The steps you take immediately after a car accident can have a big impact on any insurance claim or lawsuit you decide to file over the crash. Here's a snapshot:
Get details on what to do after a car accident.
Your state's traffic laws will spell out your legal obligations when it comes to reporting a car accident. Details vary from state to state, but you're usually required to report (to local law enforcement and/or your state's motor vehicles agency) a crash that causes injuries, or that results in property damage in excess of a certain dollar amount.
Even if you're not required to call law enforcement to the accident scene, doing so can be beneficial to the insurance claim or lawsuit process. That's because any police report generated over the crash can be pivotal to the car accident settlement negotiation process.

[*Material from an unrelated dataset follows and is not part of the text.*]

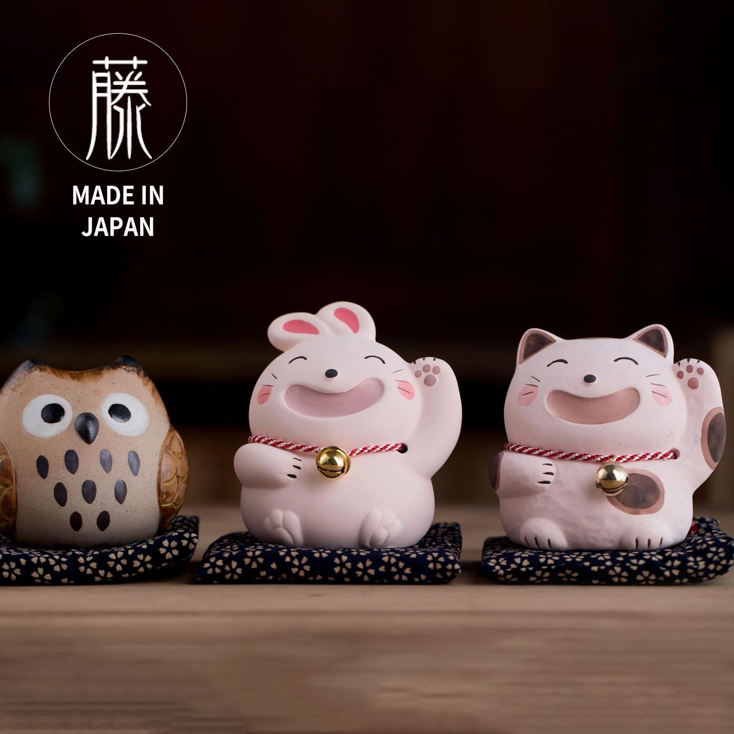 可可爱爱。日本制原装进口万古烧陶瓷桌面摆件招财猫吉祥乔迁礼物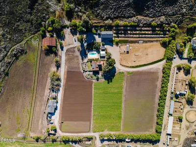 Extraordinary 10-Acre Gated Estate - Santa Rosa Valley HideawayWelcome to an unparalleled 10-acre private estate nestled in the heart of the pastoral Santa Rosa Valley, an exceptional 'hideaway' where natural beauty, privacy, and versatility converge. Tucked behind security gates and approached by a long, tree-lined driveway framed by majestic pepper trees, this rare offering borders the serene expanse of Wildwood Regional Park, delivering breathtaking views and ultimate tranquility.The property features three distinct structures, creating endless possibilities for multi-generational living, income potential, or a fully self-sustaining lifestyle:The main residence, beautifully remodeled, offers approximately 5-7 bedrooms and 3 bathrooms, showcasing an open-concept design, wide-plank flooring, and seamless indoor-outdoor living. Expansive windows and doors frame picturesque views, while the resort-style pool and spa create a luxurious retreat ideal for relaxation and entertaining.A newer secondary home on the eastern portion of the property features 3 bedrooms, 2 bathrooms, and a 2-car garage, providing a perfect guest residence, extended family quarters, or private office retreat.The recently constructed Agricultural Building is a standout feature--offering four large garage bays, two bathrooms, and a beautifully finished, condo-style living space, ideal for a variety of uses including workshop, studio, or additional living quarters.For equestrian and agricultural enthusiasts, the property is fully equipped with a large historic reinforced barn with concrete foundation, multiple outbuildings including hen houses and a goat house, and an expansive approximately 1/2-acre fenced grass dog agility field.Infrastructure is exceptional with a private well, two 5,000-gallon water storage tanks, 600-amp electrical service, three septic systems, three propane tanks, and two fire hydrants, ensuring both functionality and preparedness. The gently rolling acreage offers abundant space for farming, orchards, vineyards, or recreational use, all while enjoying the peaceful rural setting just approximately one hour from West Los Angeles.This is more than a property--it's a lifestyle. A rare opportunity to live, create, and thrive in one of Ventura County's most coveted and picturesque communities. Note: the square footage quoted is an ESTIMATE by estimating sq.ft of main residence & estimating sq ft of newer building.

Learn more about calling police to the scene of a car accident.
One of the most important things you can do is document everything related to the car accident by taking careful notes in the hours, days, and even weeks afterward. This step can help make the entire claim process easier on you—and increase your chances of receiving fair compensation. Having notes to remind you of all the details of what happened, and what you went through, is far easier and far more accurate than relying on your memory.

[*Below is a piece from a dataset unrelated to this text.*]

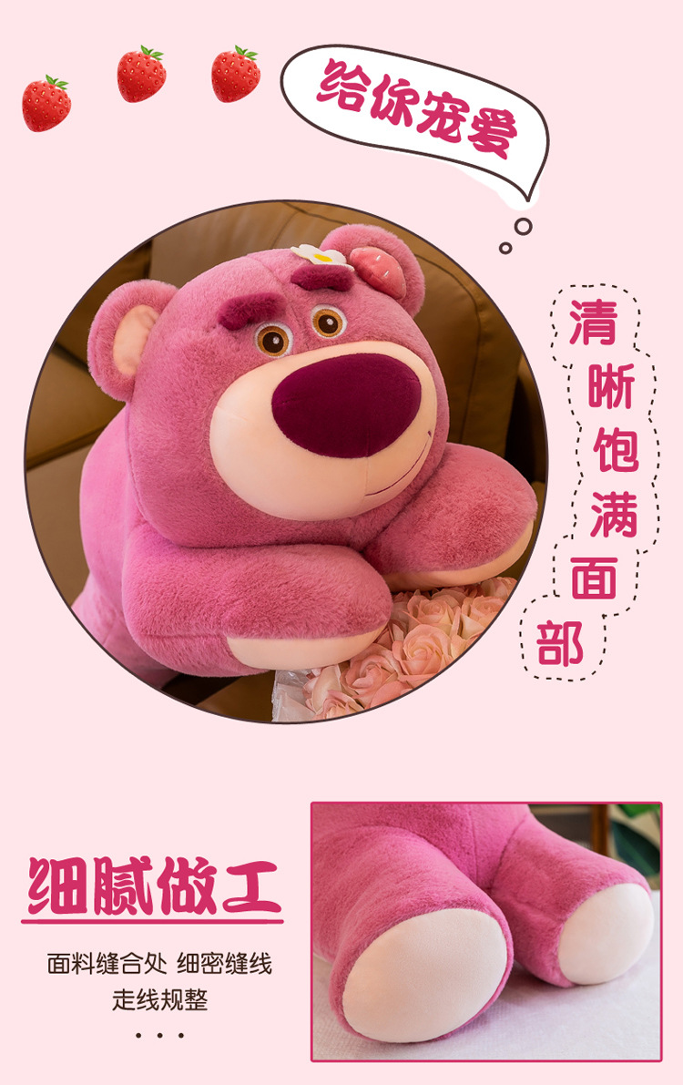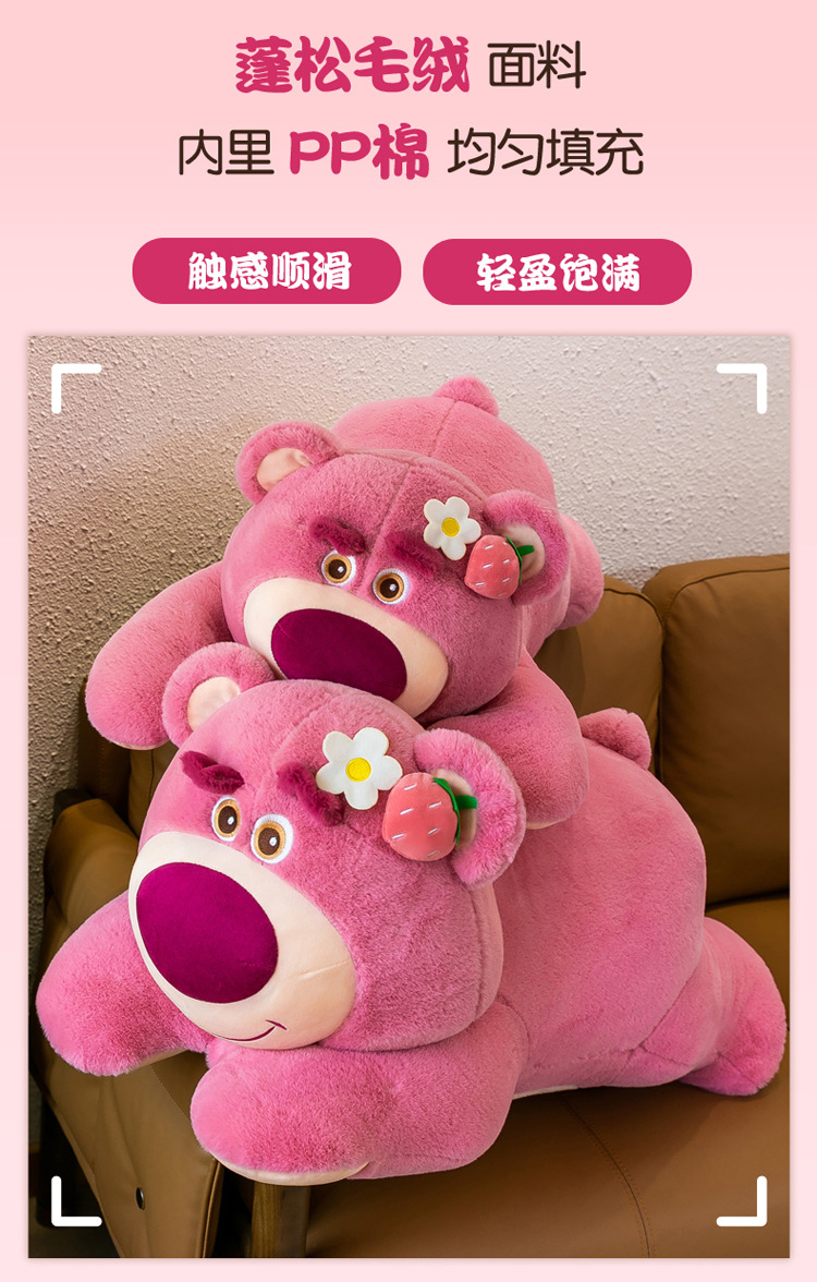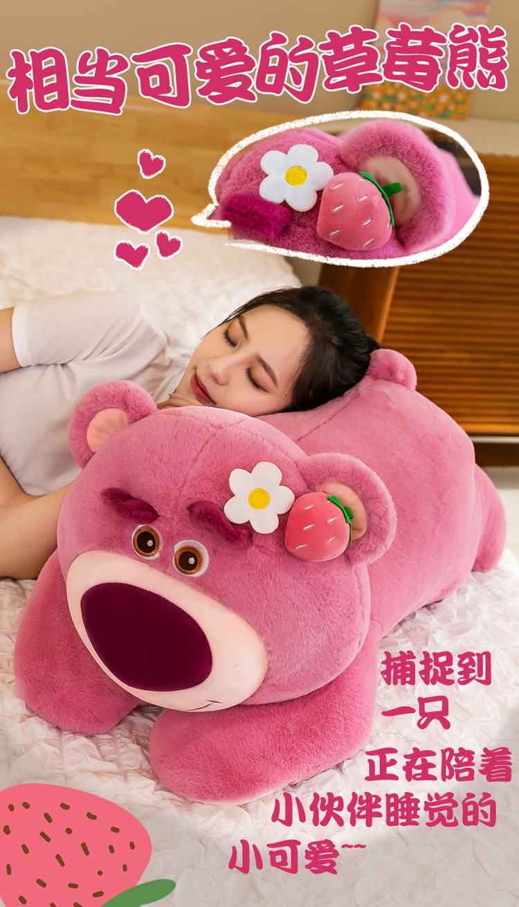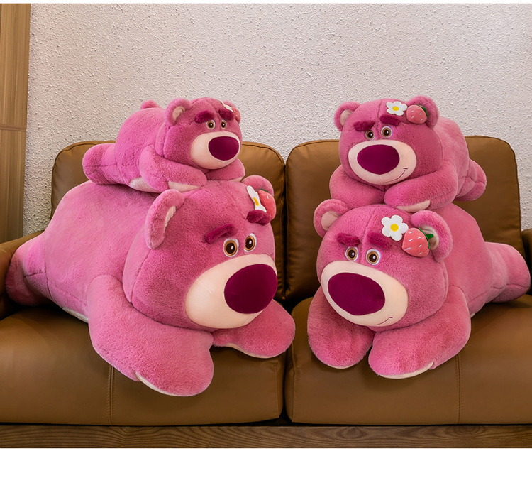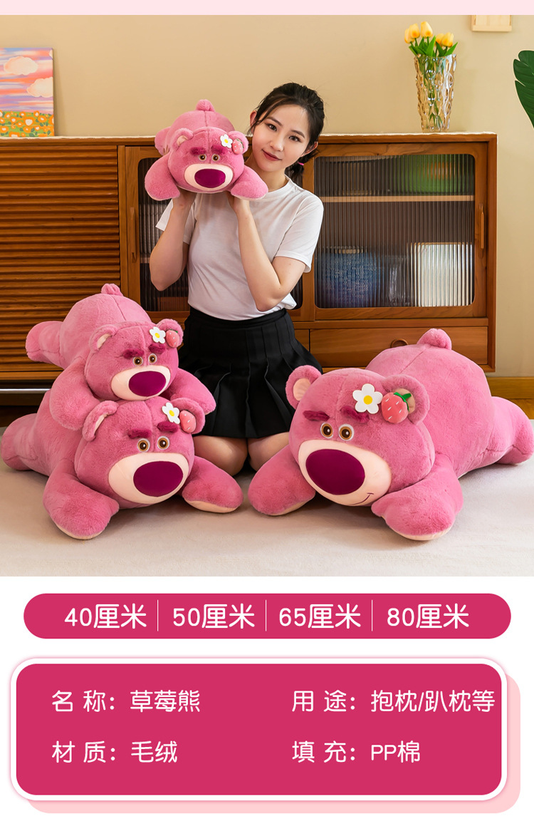 趴款草莓熊毛绒玩具沙发靠垫床头靠枕儿童玩偶生日礼物厂家批发

Write things down as soon as you can: Begin with what you were doing and where you were going, the people you were with, the time, and the weather. Include every detail of what you saw, heard, and felt during and immediately after the crash. Be sure to add anything you remember hearing anyone—a person involved in the accident or a witness—say about the accident.

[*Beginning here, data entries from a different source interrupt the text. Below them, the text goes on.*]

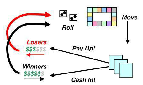 隨著差距擴(kuò)大,最后只有少數(shù)(有時(shí)只有一個)玩家真正投入游戲中(此處指優(yōu)勢和劣勢玩家差異過大,有的玩家錢太少就不想玩了)。此時(shí)戲劇性的緊張和玩家參與的能動性就消失了。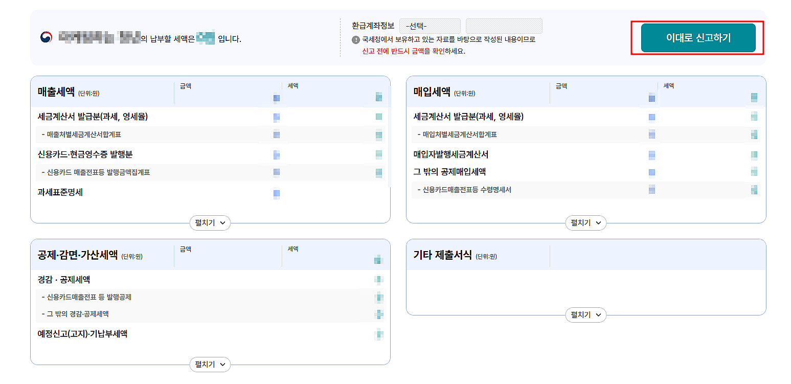 8. 납부할 세액을 확인하고 '이대로 신고하기'를 클릭합니다.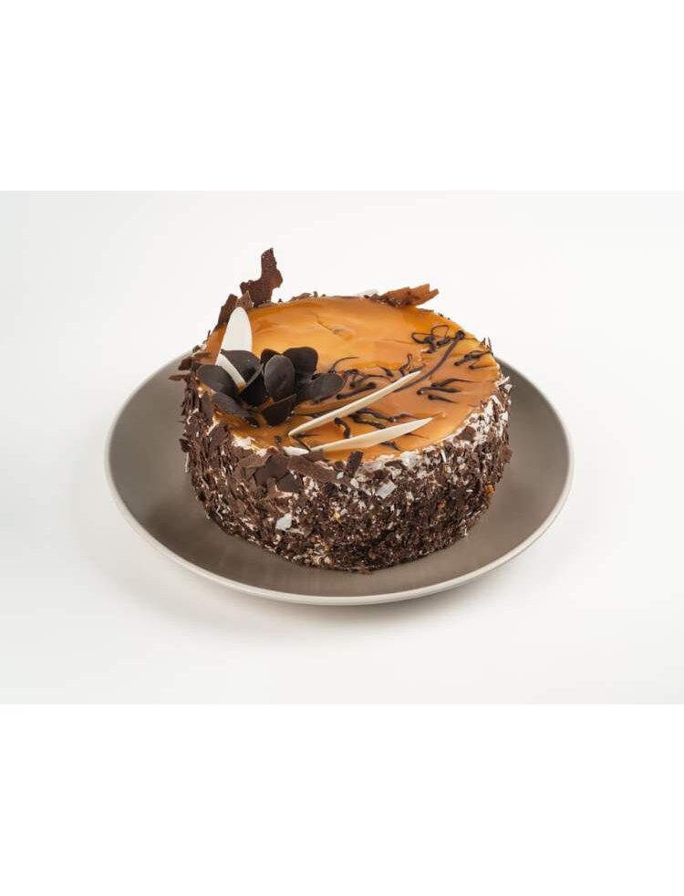 Медовые коржи прослоены начинкой шоколадной со взбитыми сливками и начинкой из черники. Поверхность украшена кондитерской глазурью.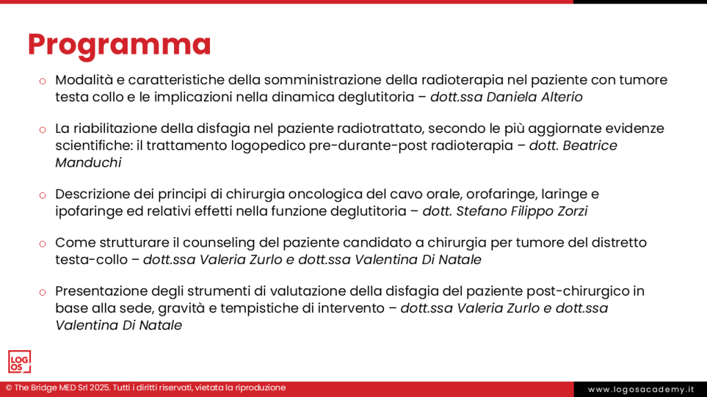 Disfagia nel paziente adulto – Ed. 2025 | Modulo 2: Paziente con tumore testa-collo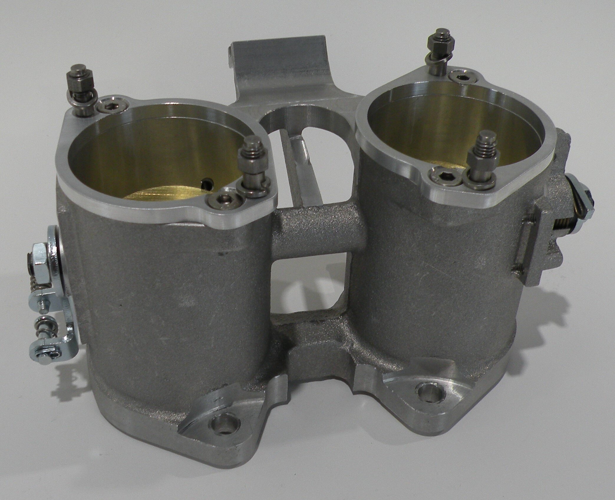 These throttles are designed to be direct replacements for the following sidedraft carburetors: Weber DCO and DCOE, Dellorto DHLA, Mikuni PHH, SK Racing, and Solex ADDHE. They are available in 40, 45, 48, 50 and 55mm bore sizes and come with adjustable center compensating linkage to join adjacent throttles. Each barrel has a bypass screw for idle speed and air flow adjustment. Units designated as “left hand” (LH) have provision to mount a TPS. O-rings are supplied to provide a reliable throttle to manifold seal. Borla produces compatible parts to complete the installation such as fuel rails, fuel injectors, air horns, throttle position sensors and fuel pressure regulators.

Finally, make daily notes of the details of your car accident injuries and how they're affecting you. You may suffer physical pain, discomfort, anxiety, loss of sleep, or other effects that will all form the basis for your compensable "pain and suffering" damages, which can be a big component of any car accident claim. Learn more about taking notes after an accident or injury.)
Figuring out who is at fault in a traffic accident is usually a matter of deciding who was careless (or "negligent" in legalese). And, for vehicle accidents, there is a set of official written rules telling people how they are supposed to drive and providing guidelines by which liability may be measured. These rules of the road are the traffic laws everyone must learn to pass the driver's license test. Complete rules are contained in each state's vehicle code, and they apply not only to automobiles but also to motorcycles, bicycles, and pedestrians.
Sometimes a violation of one of these traffic rules is obvious and was clearly the cause of an accident—for example, when one driver runs a stop sign and crashes into another.
In other situations, whether or not there was a traffic violation will be less obvious—a common example is a crash that occurs when two vehicles merge into a single lane of traffic. These cases are usually governed by the law of negligence. A driver, pedestrian, or cyclist who is "negligent" (that is, behaved in a thoughtless or careless manner) will be found at least partially at fault for causing the accident.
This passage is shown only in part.